Tutt’altra storia quella di Jacques Delors. Socialista e cattolico, matura il suo impegno culturale e politico all’ombra delle teorie personaliste che avevano conosciuto le loro fortune nella Francia degli anni Trenta. La sua non è la vita di un uomo politico di primo piano a livello nazionale. Il suo unico impegno di rilievo nel governo francese lo ha dal 1981 al 1984 come ministro dell’Economia e delle Finanze nei tre governi presieduti da Pierre Mauroy sotto la presidenza Mitterrand. Si iscrive al Partito Socialista Unificato nel 1974 ma è con François Mitterrand che la sua carriera prende il volo. È uno dei co-estensori del programma elettorale di Mitterrand per le presidenziali del 1981. Come detto, dal 1981 al 1984 ha la responsabilità del dicastero dell’Economia.

La sua fama è però legata alla sua permanenza decennale alla presidenza della Commissione europea. In questo ruolo sarà decisivo nella soluzione di numerosi problemi che si affacciavano all’orizzonte. Ovviamente non è questa la sede per prendere in esame l’attività di Delors alla Commissione. È difficile anche ridurre in pillole il pensiero di Delors sull’Europa, un pensiero ricco, sfaccettato, profondo e, al tempo stesso, facilmente fruibile anche da un osservatore poco esperto. Il suo collaboratore Pascal Lamy ha scritto che, pur considerando le circostanze favorevoli del suo operato, «la rinascita dell’avventura europea di cui i numerosi commenti successivi alla sua morte attribuiscono il merito a Jacques Delors deve molto anche all’uomo stesso e alla sua visione dell’integrazione europea».

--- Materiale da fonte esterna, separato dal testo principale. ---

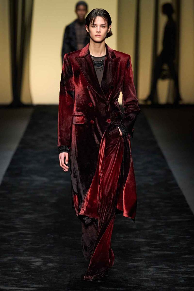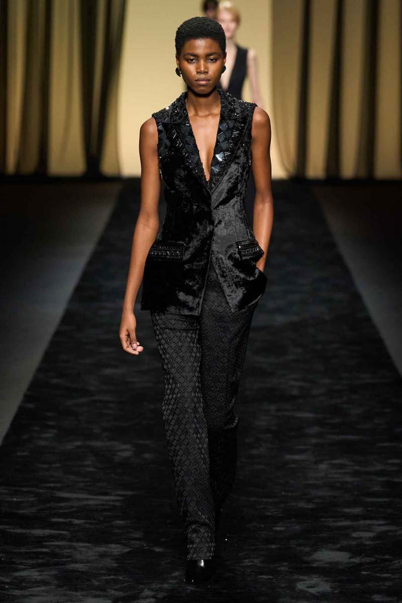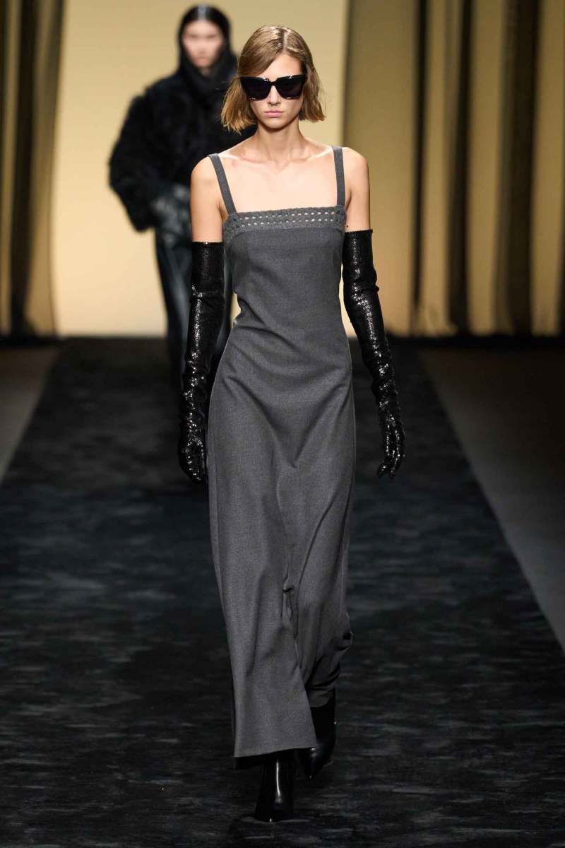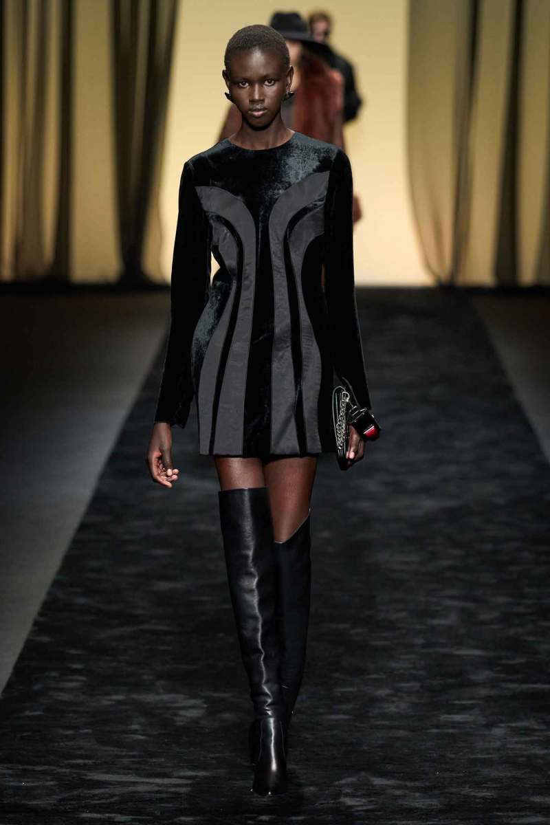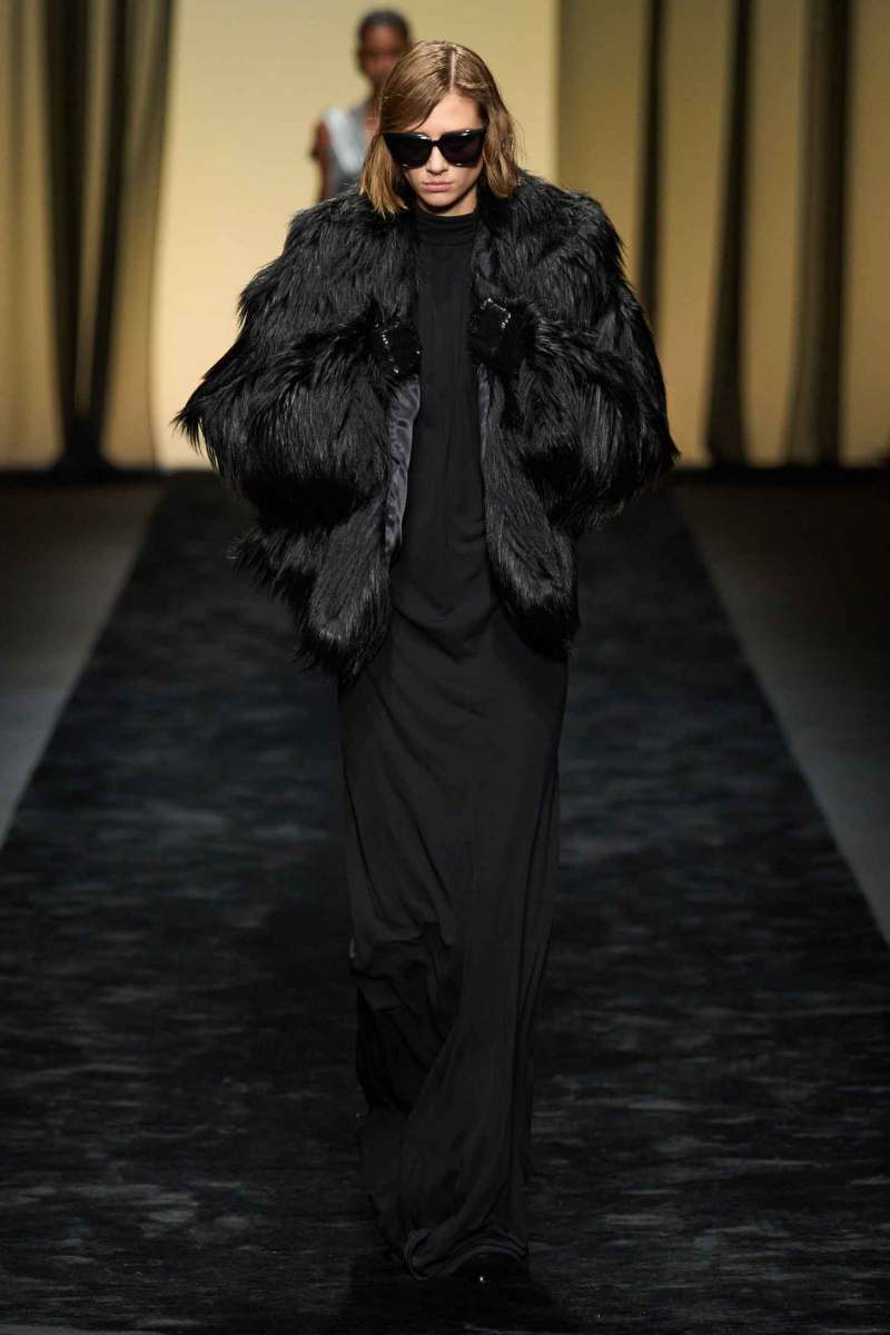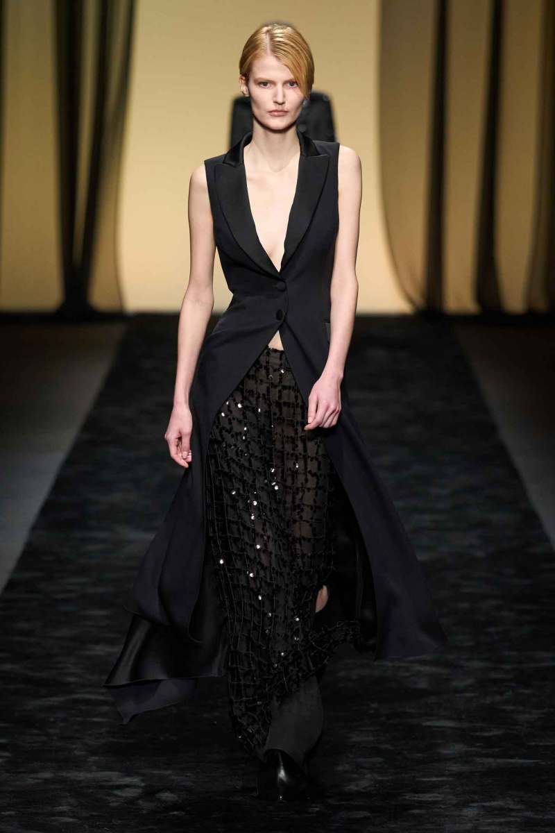 Alberta Ferretti ammanta la sua nuova collezione di codici e sensazioni notturne, in modo da rendere il tutto più misterioso e sensuale. Le silhouette lunghe e liquide sono il marchio di fabbrica inconfondibile della casa.
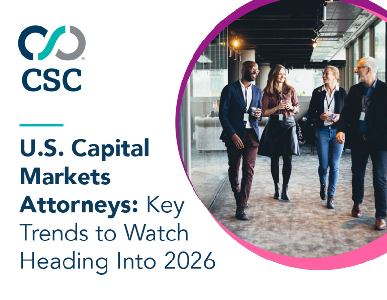 CSC’s latest eBook, U.S. Capital Markets Attorneys: Key Trends to Watch Heading Into 2026, explores four critical areas shaping the year ahead:

Nato nel 1925, aveva vent’anni alla fine della Seconda guerra mondiale e, come tutti gli uomini e le donne della sua generazione, aveva introiettato il senso del tragico indotto dalla drammaticità del conflitto e dalle sue conseguenze economiche e morali. La sua particolare formazione culturale (era uno dei pochi socialisti francesi credenti) gli consentiva di abbracciare elementi presenti nell’una e nell’altra tradizione il che si traduceva anche in un approccio articolato all’economia. Convinto sostenitore del dialogo tra le parti sociali, lo aveva rilanciato a livello europeo raccogliendo la sfida di rilanciare la produttività per aumentare il benessere. Allo stesso tempo, come presidente della Commissione ha mostrato grande rispetto per il Consiglio dei ministri ma soprattutto per il Parlamento europeo – di cui era stato membro dal 1979 al 1981 – che ha considerato sempre un interlocutore necessario e di grande valore nel dialogo inter istituzionale.

Altre saranno, in futuro, le sedi deputate a valutare scientificamente l’impatto di queste due figure nel processo d’integrazione europea. Oggi possiamo solo dire che una fase storica si è chiusa e che un’altra avrà il compito di sviluppare il pensiero e le intuizioni di questi uomini.